Given material.
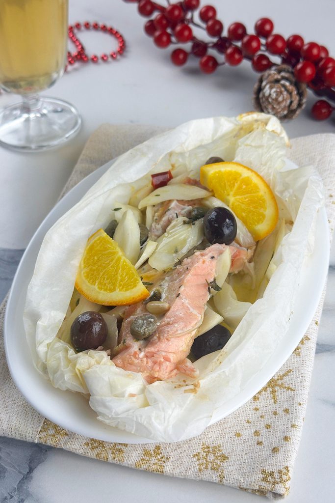 Cómo preparar el salmón en papillote a la naranja, con hinojos, al horno, o en freidora de aire, bastarán 10 minutos, para llevar a la mesa un delicioso filete de salmón fresco, de sabor refinado y exquisito. Un plato realmente fácil y con una cocción rapidísima, ideal para llevar a la mesa también en las fiestas, con su sabor delicioso conquistará todos los paladares. Un plato que se prepara realmente en 5 minutos, sin ningún esfuerzo, bastará preparar el papillote, colocar dentro los filetes de salmón, uno entero, o pequeñas porciones si se desean hacer muchos papillotes, uno para cada comensal, y luego añadir el condimento, un simple hinojo cortado en finas rodajas y marinado con naranja, naranja que otorgará al salmón un sabor increíble. Veamos cómo prepararlo.
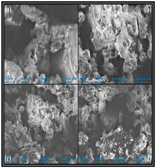 SEM microphotographs: (a–d) show different SEM visualized sculpturing elements of oil cake (OC)-based CuO catalyst.
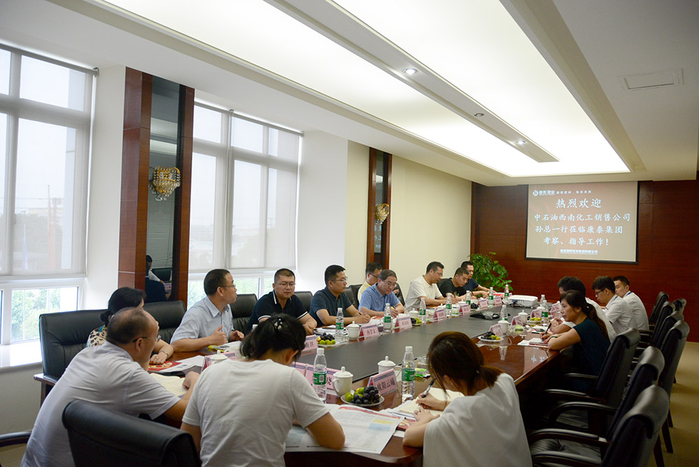 6月25日下午,中石油西南化工銷售公司總經(jīng)理孫克棟率領(lǐng)四川石化、獨(dú)山子石化相關(guān)負(fù)責(zé)人一行蒞臨康泰參觀考察??堤┘瘓F(tuán)董事長(zhǎng)兼總裁林云青,副總裁張文霖,采供中心總監(jiān)潘云琴熱情歡迎領(lǐng)導(dǎo)的到來并座談。

What is expected. Could you output the listing word for word, omitting every picture?

Result for this task.
 Cómo preparar el salmón en papillote a la naranja, con hinojos, al horno, o en freidora de aire, bastarán 10 minutos, para llevar a la mesa un delicioso filete de salmón fresco, de sabor refinado y exquisito. Un plato realmente fácil y con una cocción rapidísima, ideal para llevar a la mesa también en las fiestas, con su sabor delicioso conquistará todos los paladares. Un plato que se prepara realmente en 5 minutos, sin ningún esfuerzo, bastará preparar el papillote, colocar dentro los filetes de salmón, uno entero, o pequeñas porciones si se desean hacer muchos papillotes, uno para cada comensal, y luego añadir el condimento, un simple hinojo cortado en finas rodajas y marinado con naranja, naranja que otorgará al salmón un sabor increíble. Veamos cómo prepararlo.
 SEM microphotographs: (a–d) show different SEM visualized sculpturing elements of oil cake (OC)-based CuO catalyst.
 6月25日下午,中石油西南化工銷售公司總經(jīng)理孫克棟率領(lǐng)四川石化、獨(dú)山子石化相關(guān)負(fù)責(zé)人一行蒞臨康泰參觀考察??堤┘瘓F(tuán)董事長(zhǎng)兼總裁林云青,副總裁張文霖,采供中心總監(jiān)潘云琴熱情歡迎領(lǐng)導(dǎo)的到來并座談。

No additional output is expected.